*Data records*

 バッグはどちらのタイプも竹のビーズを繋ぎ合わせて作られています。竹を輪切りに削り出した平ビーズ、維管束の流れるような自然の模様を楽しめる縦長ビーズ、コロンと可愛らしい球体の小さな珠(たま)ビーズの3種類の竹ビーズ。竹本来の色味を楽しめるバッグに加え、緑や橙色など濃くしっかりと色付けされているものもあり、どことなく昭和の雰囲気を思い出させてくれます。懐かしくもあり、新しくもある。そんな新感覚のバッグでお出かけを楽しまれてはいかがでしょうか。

---

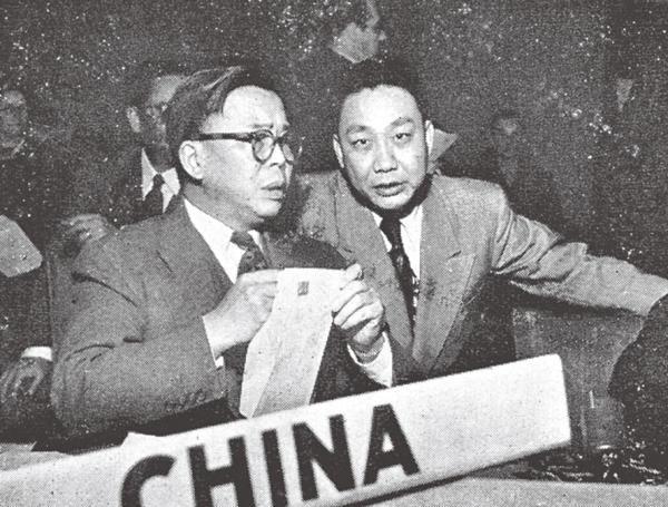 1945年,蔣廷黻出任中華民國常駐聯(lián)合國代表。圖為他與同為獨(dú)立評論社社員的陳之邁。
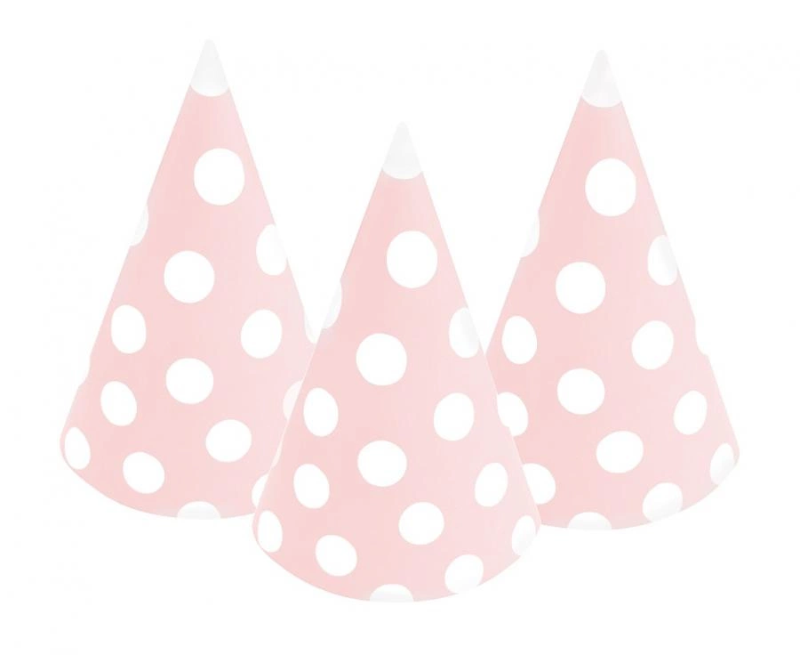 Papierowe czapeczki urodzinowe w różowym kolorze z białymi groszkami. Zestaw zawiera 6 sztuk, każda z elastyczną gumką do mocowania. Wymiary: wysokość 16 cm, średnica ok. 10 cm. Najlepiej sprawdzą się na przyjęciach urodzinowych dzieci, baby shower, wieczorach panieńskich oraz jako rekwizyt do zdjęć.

*What the exercise asks*
In the entries above, find the line containing "1945年,蔣廷黻出任中華民" and the line containing "Papierowe czapeczki urodzinowe", then copy both and every line between them exactly, without any picture.

*Reply to the task*
 1945年,蔣廷黻出任中華民國常駐聯(lián)合國代表。圖為他與同為獨(dú)立評論社社員的陳之邁。
 Papierowe czapeczki urodzinowe w różowym kolorze z białymi groszkami. Zestaw zawiera 6 sztuk, każda z elastyczną gumką do mocowania. Wymiary: wysokość 16 cm, średnica ok. 10 cm. Najlepiej sprawdzą się na przyjęciach urodzinowych dzieci, baby shower, wieczorach panieńskich oraz jako rekwizyt do zdjęć.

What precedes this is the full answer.